YOUR INSTRUCTIONS:
Reproduce only the lines of the material below that start at the line containing "of this document." and stop at the line containing "- MODERN FARMHOUSE". Keep both end lines.

================

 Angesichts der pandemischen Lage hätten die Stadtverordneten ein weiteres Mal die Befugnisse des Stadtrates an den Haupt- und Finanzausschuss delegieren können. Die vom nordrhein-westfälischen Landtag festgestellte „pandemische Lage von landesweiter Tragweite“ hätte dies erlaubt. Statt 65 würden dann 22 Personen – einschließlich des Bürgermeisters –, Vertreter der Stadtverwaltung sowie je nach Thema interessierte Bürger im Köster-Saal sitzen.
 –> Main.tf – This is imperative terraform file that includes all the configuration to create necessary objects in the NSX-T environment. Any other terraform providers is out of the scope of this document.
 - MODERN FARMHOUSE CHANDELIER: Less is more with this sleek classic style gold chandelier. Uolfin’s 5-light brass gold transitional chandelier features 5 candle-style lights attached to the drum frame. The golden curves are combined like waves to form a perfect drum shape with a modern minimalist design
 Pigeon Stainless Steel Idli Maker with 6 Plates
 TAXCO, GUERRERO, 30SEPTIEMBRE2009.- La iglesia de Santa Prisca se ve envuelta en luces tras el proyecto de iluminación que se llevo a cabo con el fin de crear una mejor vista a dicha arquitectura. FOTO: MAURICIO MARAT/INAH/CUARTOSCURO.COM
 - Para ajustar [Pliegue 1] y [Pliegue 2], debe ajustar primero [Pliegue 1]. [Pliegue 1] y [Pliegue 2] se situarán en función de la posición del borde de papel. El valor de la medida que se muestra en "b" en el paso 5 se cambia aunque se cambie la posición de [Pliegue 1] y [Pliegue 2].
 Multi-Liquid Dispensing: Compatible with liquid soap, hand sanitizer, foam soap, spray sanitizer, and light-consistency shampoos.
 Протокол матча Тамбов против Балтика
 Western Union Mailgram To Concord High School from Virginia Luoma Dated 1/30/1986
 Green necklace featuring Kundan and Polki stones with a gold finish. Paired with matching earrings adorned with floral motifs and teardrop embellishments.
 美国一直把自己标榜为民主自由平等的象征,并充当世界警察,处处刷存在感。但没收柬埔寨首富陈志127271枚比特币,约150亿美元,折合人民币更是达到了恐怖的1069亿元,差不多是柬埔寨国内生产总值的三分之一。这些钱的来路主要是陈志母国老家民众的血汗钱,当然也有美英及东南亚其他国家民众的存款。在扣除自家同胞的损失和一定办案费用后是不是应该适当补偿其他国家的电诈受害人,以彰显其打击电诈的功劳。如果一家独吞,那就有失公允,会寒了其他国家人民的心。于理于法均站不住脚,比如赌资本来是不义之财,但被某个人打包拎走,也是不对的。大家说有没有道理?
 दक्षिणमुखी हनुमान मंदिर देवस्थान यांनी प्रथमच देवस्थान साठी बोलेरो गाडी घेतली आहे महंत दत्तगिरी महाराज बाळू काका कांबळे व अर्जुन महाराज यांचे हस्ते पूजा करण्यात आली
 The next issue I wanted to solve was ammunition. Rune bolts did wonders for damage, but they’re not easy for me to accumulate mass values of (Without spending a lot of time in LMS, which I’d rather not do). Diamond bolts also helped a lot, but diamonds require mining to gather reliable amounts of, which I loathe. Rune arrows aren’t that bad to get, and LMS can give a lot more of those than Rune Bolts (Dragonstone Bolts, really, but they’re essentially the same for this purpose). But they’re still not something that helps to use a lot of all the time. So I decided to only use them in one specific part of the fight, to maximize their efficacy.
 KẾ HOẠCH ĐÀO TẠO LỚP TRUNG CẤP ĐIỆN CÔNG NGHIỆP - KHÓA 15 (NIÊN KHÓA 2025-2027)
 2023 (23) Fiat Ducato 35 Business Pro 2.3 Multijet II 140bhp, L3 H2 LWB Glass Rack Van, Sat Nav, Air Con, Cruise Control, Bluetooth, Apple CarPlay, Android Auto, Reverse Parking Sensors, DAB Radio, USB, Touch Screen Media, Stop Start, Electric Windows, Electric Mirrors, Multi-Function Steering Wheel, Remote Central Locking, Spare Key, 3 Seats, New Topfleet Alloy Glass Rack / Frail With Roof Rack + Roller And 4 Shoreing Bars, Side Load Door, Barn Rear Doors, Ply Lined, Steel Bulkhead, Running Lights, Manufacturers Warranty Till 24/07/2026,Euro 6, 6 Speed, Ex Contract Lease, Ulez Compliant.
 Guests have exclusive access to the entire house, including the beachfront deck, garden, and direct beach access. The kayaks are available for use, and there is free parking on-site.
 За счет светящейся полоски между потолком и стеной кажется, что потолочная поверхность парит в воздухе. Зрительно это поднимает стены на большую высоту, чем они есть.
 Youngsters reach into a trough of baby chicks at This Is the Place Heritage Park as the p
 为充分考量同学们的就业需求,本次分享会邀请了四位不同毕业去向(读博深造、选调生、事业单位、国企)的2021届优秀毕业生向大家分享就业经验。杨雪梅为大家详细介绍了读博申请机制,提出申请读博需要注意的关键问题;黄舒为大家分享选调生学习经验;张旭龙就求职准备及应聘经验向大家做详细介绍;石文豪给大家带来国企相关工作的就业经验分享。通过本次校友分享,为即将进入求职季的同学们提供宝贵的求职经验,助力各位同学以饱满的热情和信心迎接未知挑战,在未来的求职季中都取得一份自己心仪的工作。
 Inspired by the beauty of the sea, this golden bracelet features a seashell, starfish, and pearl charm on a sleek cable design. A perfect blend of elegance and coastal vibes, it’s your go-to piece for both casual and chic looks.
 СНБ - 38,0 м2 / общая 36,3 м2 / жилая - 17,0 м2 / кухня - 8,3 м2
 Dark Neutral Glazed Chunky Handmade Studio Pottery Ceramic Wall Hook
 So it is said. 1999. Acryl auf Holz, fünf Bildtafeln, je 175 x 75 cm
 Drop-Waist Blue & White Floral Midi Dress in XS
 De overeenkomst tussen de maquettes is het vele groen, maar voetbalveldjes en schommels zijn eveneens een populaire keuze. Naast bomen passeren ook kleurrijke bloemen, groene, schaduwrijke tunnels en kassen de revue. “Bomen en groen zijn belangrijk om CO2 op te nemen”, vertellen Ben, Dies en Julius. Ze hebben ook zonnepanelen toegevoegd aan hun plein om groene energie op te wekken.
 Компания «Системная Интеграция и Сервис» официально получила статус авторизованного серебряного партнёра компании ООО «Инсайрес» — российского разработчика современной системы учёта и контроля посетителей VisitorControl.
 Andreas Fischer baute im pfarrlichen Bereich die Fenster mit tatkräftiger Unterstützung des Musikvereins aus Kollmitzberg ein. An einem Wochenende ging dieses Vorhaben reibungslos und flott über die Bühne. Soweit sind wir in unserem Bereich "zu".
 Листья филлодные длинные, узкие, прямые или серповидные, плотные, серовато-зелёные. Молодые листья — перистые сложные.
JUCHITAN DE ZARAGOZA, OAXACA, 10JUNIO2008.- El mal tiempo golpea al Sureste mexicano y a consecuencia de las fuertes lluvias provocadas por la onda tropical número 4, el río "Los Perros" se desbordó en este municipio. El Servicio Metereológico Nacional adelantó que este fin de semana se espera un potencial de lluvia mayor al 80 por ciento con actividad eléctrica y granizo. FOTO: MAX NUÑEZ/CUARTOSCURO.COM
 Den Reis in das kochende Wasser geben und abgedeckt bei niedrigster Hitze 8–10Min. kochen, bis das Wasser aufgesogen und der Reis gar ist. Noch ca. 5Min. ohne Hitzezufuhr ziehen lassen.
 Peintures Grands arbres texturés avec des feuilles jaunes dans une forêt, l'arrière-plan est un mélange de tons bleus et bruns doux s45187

================

WRITTEN SOLUTION:
 –> Main.tf – This is imperative terraform file that includes all the configuration to create necessary objects in the NSX-T environment. Any other terraform providers is out of the scope of this document.
 - MODERN FARMHOUSE CHANDELIER: Less is more with this sleek classic style gold chandelier. Uolfin’s 5-light brass gold transitional chandelier features 5 candle-style lights attached to the drum frame. The golden curves are combined like waves to form a perfect drum shape with a modern minimalist design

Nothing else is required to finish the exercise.